And to my friend and colleague Bob Hahn, part of our OFW Law family, who touched all who knew him and who, typically, dropped all else to share with me his clear-eyed insights on this manuscript, before we lost him without warning and far too soon. I hope his sense of excellence has rubbed off on these pages.
CONTENTS
ACT I: ON THE EVE
1: Montserrat
2: Times Square
3: Saint Marks Place
4: Brooklyn
5: Riverside Drive I
6: Paterson
7: The Bronx
8: Cooper Union
9: Riverside Drive II
10: Wilson
ACT II: OF WAR
11: Spy versus Spy
12: Carnegie Hall
13: Ziv
14: Zurich
15: East Broadway
16: The Committee
17: Lenox Casino
18: Russia
ACT III: AND REVOLUTION
19: The Whirlwind
20: Spies Again
21: Consulates
22: Missing
23: Harlem River Casino
24: Kristianiafjord
25: Nova Scotia
26: Petrograd
Loose Ends
Acknowledgments
Selected Sources
Endnotes
Index
LEV DAVIDOVICH BRONSTEIN, a thirty-eight-year-old zealot who went by the nom de guerre Leon Trotsky, burst onto the world stage in November 1917 as co-leader of a Marxist revolution seizing power in Russia.

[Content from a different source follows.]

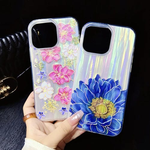 Película de Color Galvanizada TPU + Funda PC para iPhone 13 Pro Max (Flores Moradas)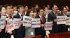 23일 오전 국회에서 열린 한국당 긴급 의원총회에 참석한 나경원 원내대표는 “연동형 비례대표제와 공수처법이 패스트트랙에 태워지는 순간 의회민주주의의 시한부 270일이 시작된다”며 여야 4당의 패스트트랙 합의안을 정면으로 비판했다. 나 원내대표는 “무한권력 대통령, 지리멸렬 국회의 최종배후는 문재인 대통령이다. 한마디로 문 대통령, 청와대가 기획하고 여당이 실천하는 의회 민주주의 파괴”라며 “좌파 연합 세력이 내년 총선에서 절대 과반 의석을 안정적으로 확보하려는 속셈이다. 우리가 막아야 하지 않겠느냐”고 날을 세웠다. 이날 의총에 참석한 당 소속 의원들도 나 원내대표의 발언에 호응하며 패스트트랙 저지를 결의했다.

As foreign commissar of the new government under Vladimir Lenin, Trotsky quickly made his name by orchestrating Russia’s exit from the First World War. Then, as war commissar, he led Russia’s Red Army to victory in a gruesome civil war against White Russians and foreign interveners.
Their rule secure, Trotsky and his Marxist cohorts would tear Russian society to its roots and impose a communist regime that would challenge the world for the next seventy years. With his thick glasses; riveting eyes; and shaggy, unkempt hair, Trotsky emerged as one of the most recognized personalities of the twentieth century.
Yet just months before his great moment in Russia, this same Lev Bronstein/Trotsky was a nobody, a refugee expelled from countries across Europe, writing obscure pamphlets and speeches, barely noticed outside a small circle of quarrelsome fellow travelers. Where had he come from to topple Russia and change the world? Where else: New York.
From January through March 1917, Trotsky had found refuge in the United States. America had kept itself out of the European Great War, leaving New York a safe haven, the freest city on earth, enjoying a last gasp of the belle epoque.
“Sunday, January 13: We are nearing New York. At three o’clock in the morning, everybody wakes up. We have stopped. It is dark. Cold. Wind. Rain. On land, a wet mountain of buildings. The New World!”1
—Leon Trotsky, aboard the steamer Montserrat, on reaching America
SATURDAY NIGHT, JANUARY 13, 1917:
Music played in New York City the night Trotsky’s ship entered the harbor. It had nothing to do with Trotsky or his ship. It was just New York.
The New Amsterdam Theater on West Forty-Second Street featured Ziegfeld’s Follies that night. The show, The Country Girl, included sixty beautiful Ziegfeld Girls with big eyes, pink cheeks, and long legs. They dressed like Caribbean birds while dancing, singing, and kicking up their feet to tunes of a marimba band. Also on the bill were Senegalese acrobats, new singing sensation Eddie Cantor, spritely Fannie Brice, and comedian Will Rogers showing off his cowboy rope tricks.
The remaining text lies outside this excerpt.